Think long and hard before draining your retirement accounts to cover day-to-day living expenses -- even if you're facing foreclosure.

We know the price of everything is going up faster than most paychecks and you need a way to bridge the gap between what you earn and what you need to spend.

That's especially true for homeowners with adjustable-rate mortgages who are trying to cope with dramatically higher monthly payments.

But if this is the last $25,000 or $35,000 you have, you don't want to squander it postponing the inevitable. You don't want to spend your retirement savings and still lose your home.

Taking money from your 401(k) account is expensive, too. The rules are designed to discourage you from tapping that savings until you're 59 1/2 years old.

A hardship withdrawal is the most costly option.

You're allowed to use your retirement savings for medical bills, college and funeral expenses and to keep yourself from being evicted. But the investment company running your company's 401(k) plan will require you to prove that you're out of money and have no other way to pay those bills.

What's really bad is that you'll only get about 60 cents of every dollar you withdraw. The rest you'll lose to local, state and federal taxes and a 10% penalty if you're not 59 1/2 and are in the 28% tax bracket.

You'll pay even more over the long run. A $10,000 withdrawal could have grown to $81,000 in 30 years, assuming that it was invested in a mutual fund that earned a modest 7% a year.

If your mutual fund did a little better than that and averaged a 9% annual return you'd be missing out on $147,000.

Taking a hardship withdrawal often will preclude you from making further contributions to the retirement plan for a period of time, further shrinking your potential earnings.

Borrowing against your 401(k) account is only a slightly better option.

If your plan allows loans, you probably can borrow as much as 50% of your balance, or $50,000, whichever is less.

The big advantage in borrowing against your account is that you won't pay taxes on the loan as long as you repay it as scheduled.

But that's not enough to make it a good idea, because there are other risks and costs.

Cost 1. Leaving your job means it's time to pay up.
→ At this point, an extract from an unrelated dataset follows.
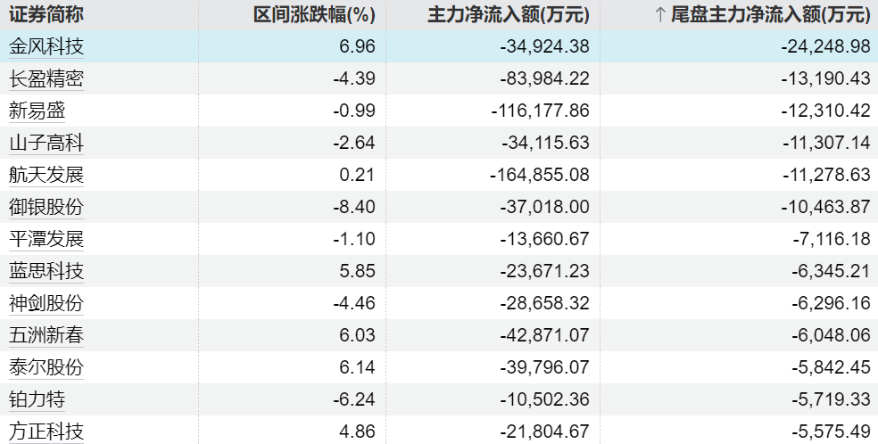 主力今日尾盘买卖这些个股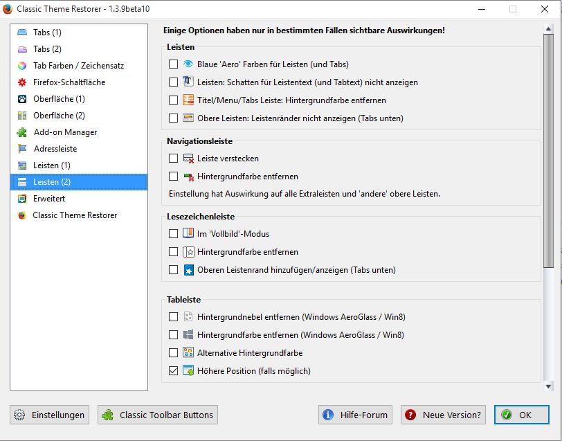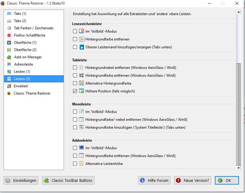 Hier das Änderungsprotokoll zu CTR-1.3.9 beta 10. Bei der Einstellung zu Windows 10 bin ich mir unsicher, worum es da genau geht, da ich diese Einstellung mangels Win 10 nicht überprüfen kann:

Whether you're laid off or you quit, you must repay the balance of the loan within 60 days. Otherwise, the loan balance will be reclassified as an early distribution with all of the taxes and penalties discussed above.

Cost 2. Your future savings take a serious hit.

Even if you repay the loan, the interest is often less than what your retirement savings would have earned if it had remained in a mutual fund.

Let's say, for example, you borrowed $25,000 at an interest rate of 7%. Your payment would be $495 a month for the next five years. When you've repaid the loan, you'll have returned $29,700 to your account. If that money had remained in your account and earned 8%, you'd have about $37,200 after five years.

Cost 3. You're paying taxes twice on your loan payments.

Unlike your original contributions, your 401(k) loan payments must be made with after-tax dollars. So if you're in the 28% tax bracket, you actually have to earn $687 to net enough for that $495 monthly loan payment. Plus, you'll have to pay taxes again when you retire and start withdrawing money from your account.

Cost 4. Contributions may be temporarily barred.

You may be ineligible to make tax-deferred contributions, or benefit from matching contributions by your employer, for a period of time.

Cost 5. It could worsen your financial situation.

You'll have a new monthly payment to make, and it will be a substantial new payment, because almost every 401(k) loan must be repaid in five years. If you fail to make the payments and default on the loan, the balance will deemed an early distribution and you'll be charged taxes and penalties on it.

Bottom line: Don't borrow against your 401(k) plan unless you can answer yes to all of the following questions:

  • Are you about to lose your house or only car?
  • Have you exhausted all other options?
  • Do you plan to stay at your employer for another five years?
  • Are you fairly certain your company won't lay you off over the next five years?
  • Is the end to whatever caused your financial problems truly in sight?

Be brutally honest with yourself when you answer that last question.

If you or your spouse can't work because of an illness or family emergency that will resolve itself over a few weeks or months, that's one thing.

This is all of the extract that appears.